I've written before about how crypto feels different than other industries I've worked in. I want to pull on a different facet of that thread. Today, I'm thinking through the challenges of 'keeping up' in crypto.
It's a common experience for those of us in this industry and it's a shame that it isn't put into words more frequently. It seems to come up in conversations with colleagues frequently, usually in the form of anxiety. There are so many things going on at all times in crypto. And it feels like the ground is constantly shifting; the base assumptions of how each layer of the 'stack' works are in flux.
I think this is sorta what makes crypto crypto. The fact that the protocols we're building are transparent and permissionless to build on means that every edge of every system we're building is exposed to the world's ingenuity at all times. It's inevitable that a crypto ecosystem is constantly in flux relative to (say) a web app system or a piece of traditional financial infrastructure.
It's the price we pay for permissionlessness. And it'll ultimately be how (if?) crypto wins. The systems we work on evolve organically at a frightening pace.
Fortunately, many of us in this industry are here because
we're a little ADD so this constant flux is actually a good deal of the fun. But it can be overwhelming at times. I've been reflecting on my 'strategies' for dealing with the overwhelm.
First off, it's important to bring some amount of humility to one's interpretation of the industry. When I worked in Machine Learning, I felt like I had a pretty robust 'meta' model for how most research in the space interrelated. I had a graph structure in my head that connected the big ideas pretty consistently throughout my time there. In crypto, the graph changes much more frequently. Ideas in one area can (and should!) break assumptions in others and shift their relationships continuously.
A recent example is the 'MEV' part of the crypto research graph. It's very rapidly become clear that research around MEV mitigation/democratization is crucial for many people in the smart contract protocol r&d stack to think about. It may be the case, for example, that the ideas being pioneered by groups like Flashbots end up making their way into L1 protocols.
For anyone building in the space adjacent to protocol decisions, it's crucial to have the flexibility of mind to incorporate developments like this.
You must have humility about the fact that there are always unknown unknowns that will change how you interpret the world.
Given that the world is constantly changing outside your head, it's important to have mechanisms that feed those changes to you on a regular cadence. The uninspired way to say this is 'have a good network'.
I'll broaden that statement a little bit: make sure you're frequently exposed to great minds from different parts of the ecosystem.
In addition to having an ever-expanding reading backlog, I find myself scheduling 1:1s with folks I respect elsewhere in the space just to talk around the ideas we've been mulling over. Sometimes these conversations have a goal, but frequently the benefits come from thinking publicly about things happening in the space and honing in on incongruities in our language.

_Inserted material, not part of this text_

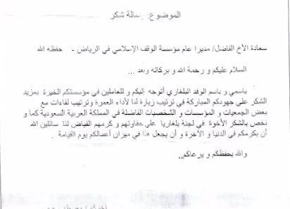 От документите става ясно също, че представители на Мюфтийството са били на посещение в Саудитска Арабия. В писмо до фондацията от Мюфтийството благодарят за усилията, които тя полага, за да достига до мюсюлманите в България така че вярващите да достигат до "праведната доктрина и да се учат на правата си религия".
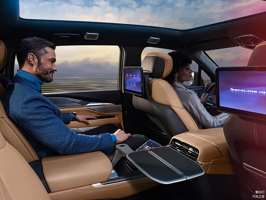 在空间布局上,ESCALADE IQ充分考虑到了豪华舒适性。第二排的行政座椅功能丰富,按摩、加热、通风一应俱全,为乘客带来极致的舒适享受。后排的双12.6英寸显示屏,可进行娱乐互动,头枕扬声器让乘客沉浸在丰富的音响效果中。

The language we use in casual conversation exposes mental models and assumptions more viscerally than well-prepared research posts. I find myself with lists of things to follow up on after most conversations with brains I respect.
One heuristic I think on a lot is network centrality. Part of the game of succeeding in this ever-changing industry is maneuvering your position within the industry to be high centrality as the industry's network evolves.
It takes effort and time to change your mind. More effort and more time if the assumptions you need to change are deeper in your mental abstraction stack. It's unlikely that your mental model will change to accommodate the changing assumptions of crypto unless you make that time and effort.
You need to make time to follow hunches that something is 'off' in the way you think about the industry. You need to have ample time on the explore side of the explore/exploit tradeoff.
For me, this materializes as going down rabbit holes. I think of a 'rabbit hole' as an unstructured exploration of unknown idea territory. It feels fundamentally different from the time we spend doing things we planned to do. It requires openness and losing track of time.
Many of us ended up in this industry because of a rabbit hole, so it's not that unfamiliar of an idea to fall down one. But it's important to continuously make time for rabbit holes given that the rules constantly change.
I think I end up devoting 1 day every week or two for going down rabbit holes that have been in the back of my mind.
Crypto is an industry of unexplored strategies. As alluded to earlier, that's a big part of what makes it fun/meaningful for me! I'm going to use this channel to do more of that thinking (rather than just technical exposition). Let me know if it resonates so that I feel motivated to do so more frequently.
I'm also trying to institute a more regular habit of longform content creation. Let's see if it sticks!